Provided material START

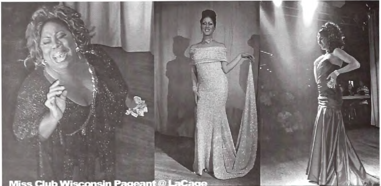
Miss Club Wisconsin Pageant @ LaCage
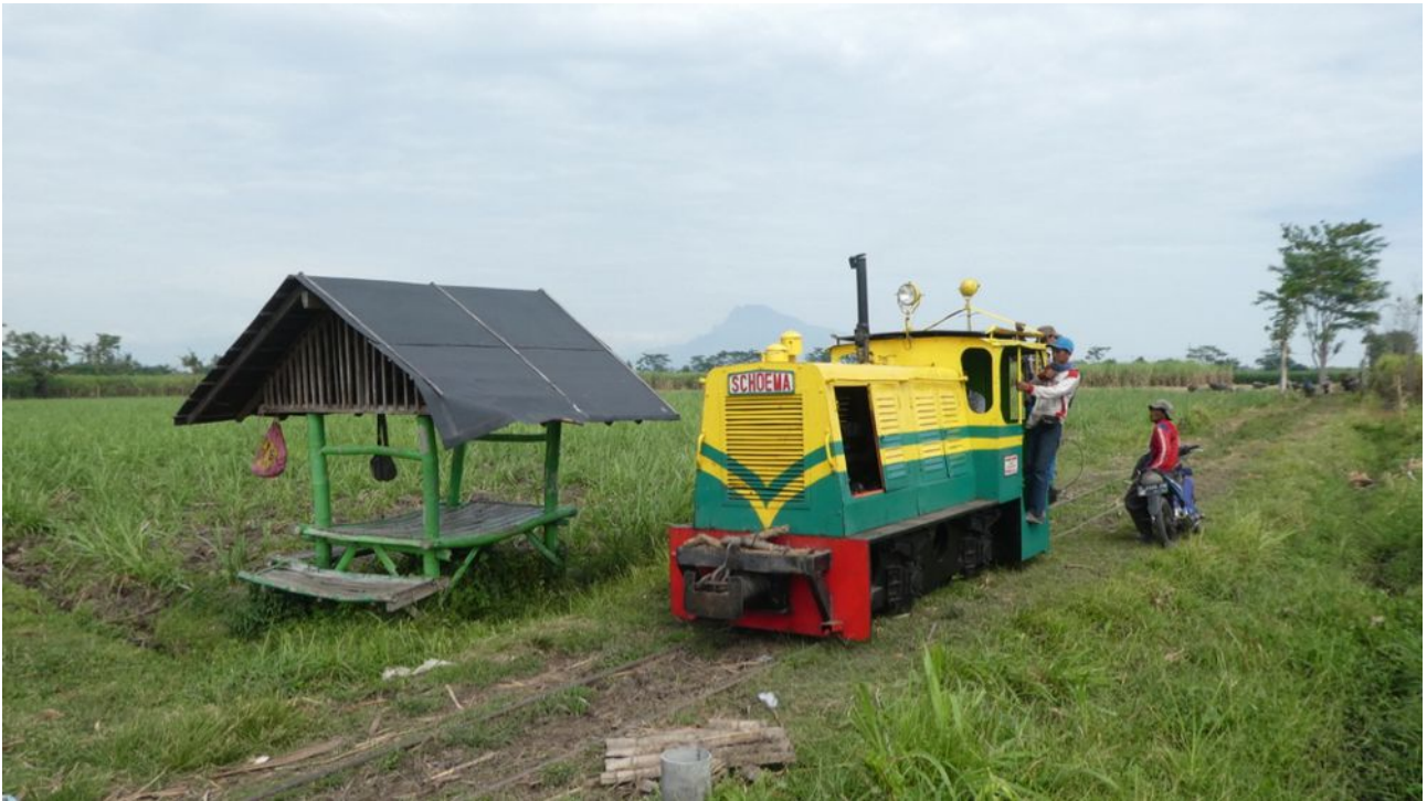
Having delivered the empties it returns to the mill. The field being cut is on the branch to Kandang close to the road from Wringinanom.
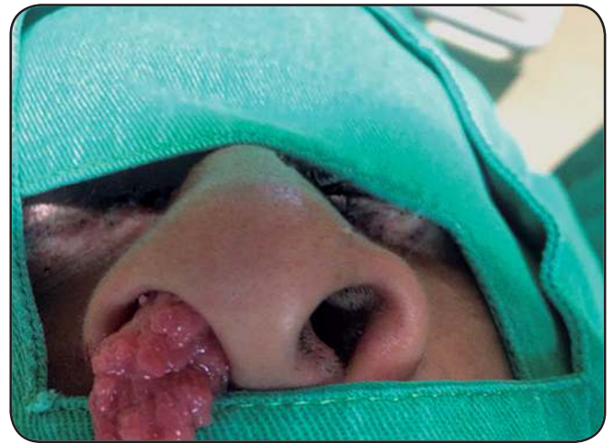
FIGURE 3. Vascular/polypoid mass hanging from the right nostril of a patient with rhinosporidiosis.

In all our patients, the site of infection was the nose. No concomitant infection was observed at other sites (the eye,
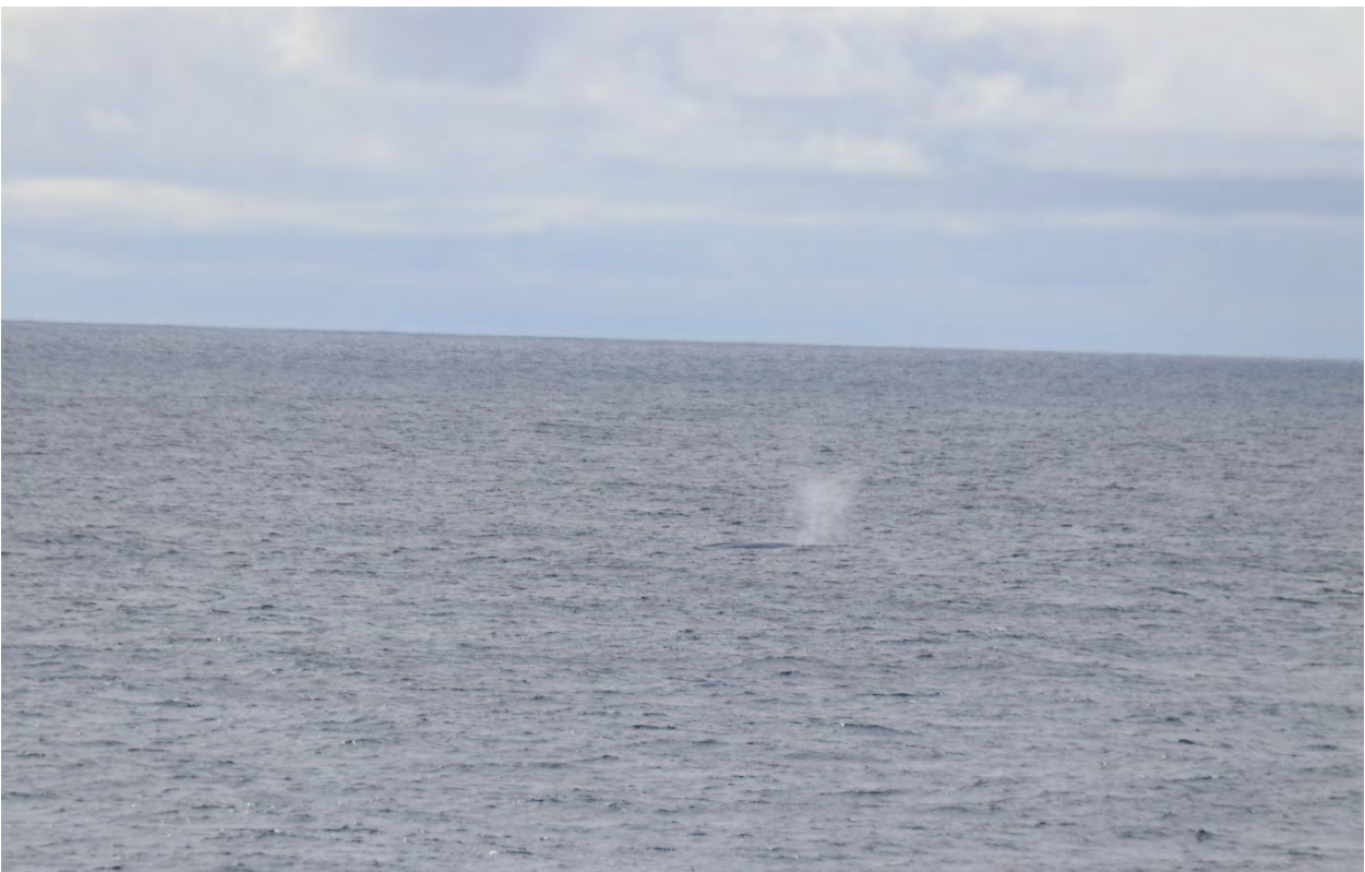
Figure 21: Sei Whale-Visual Detection #127

Provided material END

**Task to carry out**
Every line above should be transcribed word for word; leave the pictures out.

**Solved problem**
Miss Club Wisconsin Pageant @ LaCage
Having delivered the empties it returns to the mill. The field being cut is on the branch to Kandang close to the road from Wringinanom.
FIGURE 3. Vascular/polypoid mass hanging from the right nostril of a patient with rhinosporidiosis.

In all our patients, the site of infection was the nose. No concomitant infection was observed at other sites (the eye,
Figure 21: Sei Whale-Visual Detection #127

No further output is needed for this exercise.